Chapter 911 – "Penglai-1631"
"Sir, a telegram from the Center." Fenghua emerged from the radio room, a telegram form in hand.
Zhao Yingong had just seen off a group of local scholars who'd come to Wanbi Bookshop to buy books. Ever since Zhang Dai and his friends had visited, the bookshop's reputation had gradually spread, and scholars arrived in a steady stream. More came to browse than to buy, but Zhao Yingong took it all in stride. Not only did he not mind, but he provided complimentary tea and refreshments. From time to time, he'd emerge to chat with his visitors. At first, he kept the conversations shallow—mostly anecdotes about Guangzhou and curious tales of the Australians—to avoid getting drawn into literary discussions that might expose him as a sham xiucai.
Gradually, the place began to take on the character of a literary salon.
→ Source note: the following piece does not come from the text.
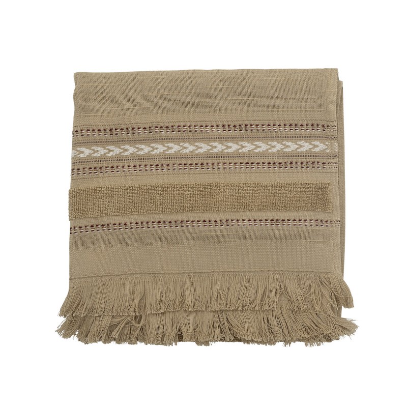 Lækkert håndklæde med fryser i en skøn støvet brun farve, lidt over i beige fra Bloomingville. Håndklædet er lavet af bomuld i en blanding af hammam og frotté, og har en rigtig god absorberingsevne og tørrer hurtigt. Håndklæderne har en masse smukke detaljer og så ser de bare lækre ud på badeværelset:-) Fås i flere farver.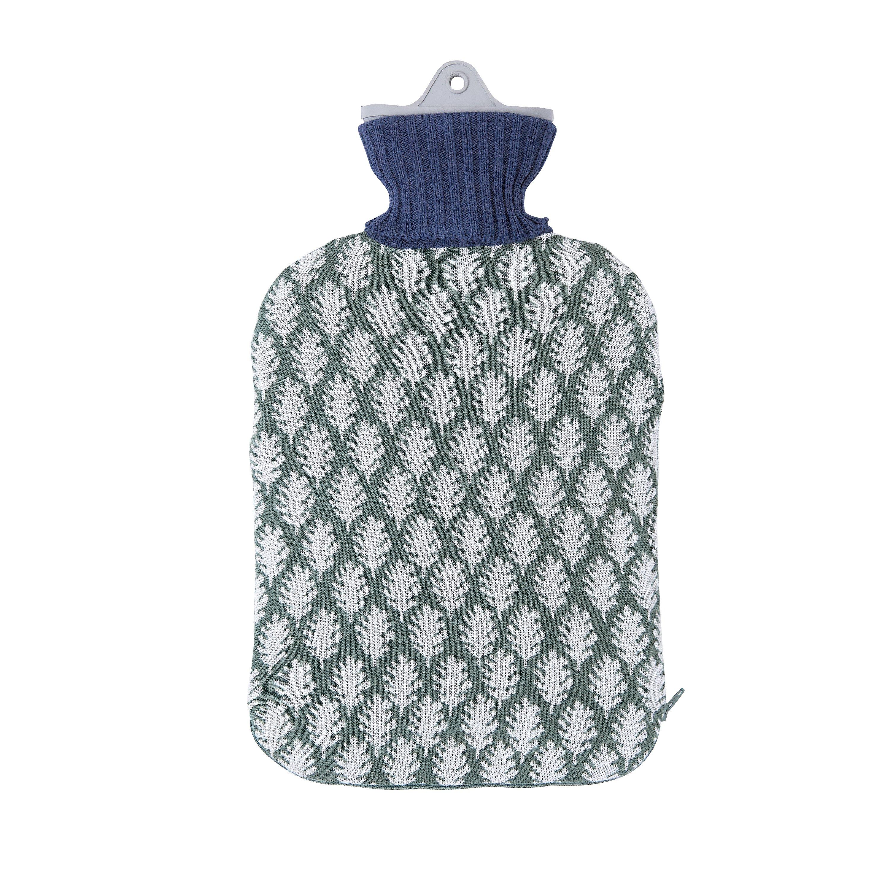 Warm hugs on demand? Yes please! Whether you're feeling a little under the weather, or simply seek comfort in warm things, a hot water bottle is an essential for every home. And this one will not only feel great, but look good too. The cover is knitted so every cuddle will be a soft one, it has a intricate jacquard oak leaf design to the front, a navy bottle neck and a zip bottom for easy access to the bottle inside. The bottle itself is made from 100% rubber, has a secure fastening to avoid any spillages, fits up to two litres of water and complies to hot water bottle safety standards. Ultimate cosiness awaits...

Many scholars interested in new learning frequently gathered here to read and discuss. Fortunately, when it came to "Western learning" or "Australian learning," there was probably no one in all of Hangzhou more accomplished than Zhao Yingong. When visitors had questions, he'd offer a few explanations—though he didn't dare delve too deep, partly because the audience might not follow, and partly because he feared appearing too closely connected to the "Australians" and inviting suspicion.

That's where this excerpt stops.